Blair Braverman+ Your Authors @BlairBraverman Dogsledder. Author. Adventurer. If you like these tweets, you'll love WELCOME TO THE GODDAMN ICE CUBE (@eccobooks). Mar. 14, 2020 2 min read + Your Authors

I want to tell you a little story from before I left Wisconsin.

As you may know, our dogs are staying with several generous dogsledding friends back home. For instance, here’s Zagat leading with @OtterRunKennel’s puppy team while we’re away.

And here’s Pepé at Chilly Dogs in Minnesota.
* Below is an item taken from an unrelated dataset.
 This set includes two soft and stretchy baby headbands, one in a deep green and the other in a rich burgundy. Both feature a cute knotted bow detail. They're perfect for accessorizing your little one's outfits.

We tried to figure out what would make the most sense for each dog (and—of course—household). And so when I drove to a friend’s place in Michigan with 11 dogs, I still wasn’t sure how many would stay there.

Specifically, I thought maybe I’d bring Hari back home with me.
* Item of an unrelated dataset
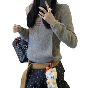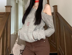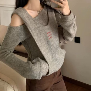 设计小众两件连帽露肩新款短款斜肩宽松长袖上衣

Hari and his sister, Refried, are retired, but they’ve been together since they were born, and I always try to keep them together.
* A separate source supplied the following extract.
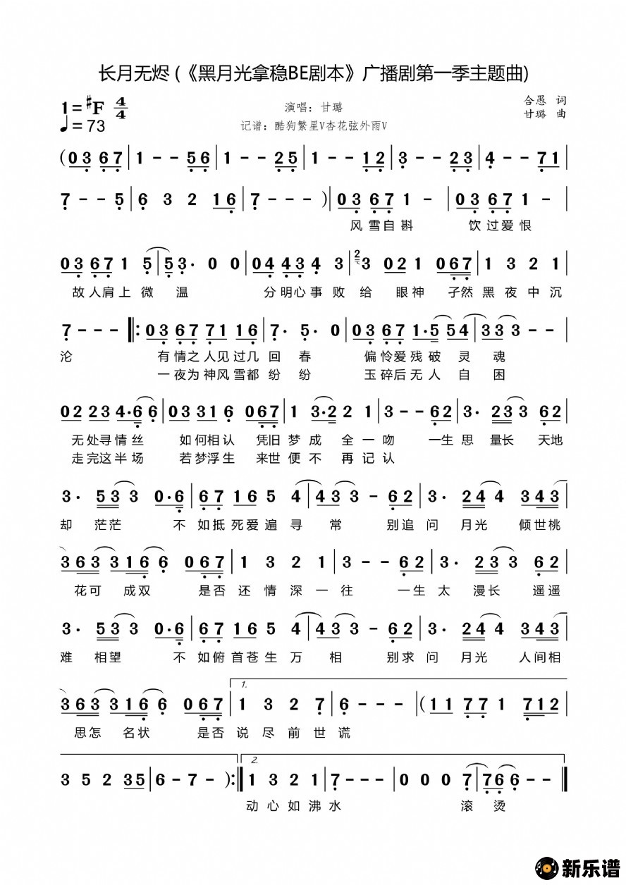 长月无烬(《黑月光拿稳BE剧本》广播剧第一季主题曲)甘璐 甘璐演唱的长月无烬(《黑月光拿稳BE剧本》广播剧第一季主题曲)歌词,长月无烬(《黑月光拿稳BE剧本》广播剧第一季主题曲)简谱. 此简谱由新乐谱会员 杏花弦外雨 上传

But I’d started to worry that maybe that’s my own sentimentality that I’m projecting onto them. Is it possible that I’M the one who cares most about them being together? Me and my human emotions?

Refried always ran with her brother, singing and guiding him, because he’s blind and he can’t see the trail. But now that they’ve retired and live in the garden together, they mostly do their own things, adjacently. They are the chill elders of the whole team.

They have playtime with the youths.

But maybe, I’ve occasionally thought, Hari doesn’t need Refried as much as I need Hari to need Refried.

Anyway, I brought Refried out to the yard, and left Hari in the truck for a while, and commenced digging some spare dog houses out of about 5 feet of snow.

I could see Hari chillin’ in the distance. Stretched out in the sun. He has a personality a lot like his son Clem’s. Calm and optimistic, well-adjusted and gently affectionate.

Anyway, I dug for a few hours and then I went over to check on the dogs to see how they were feeling in this new place.

Spike was happy. Jenga was happy. Colbert was happy. Boo was happy.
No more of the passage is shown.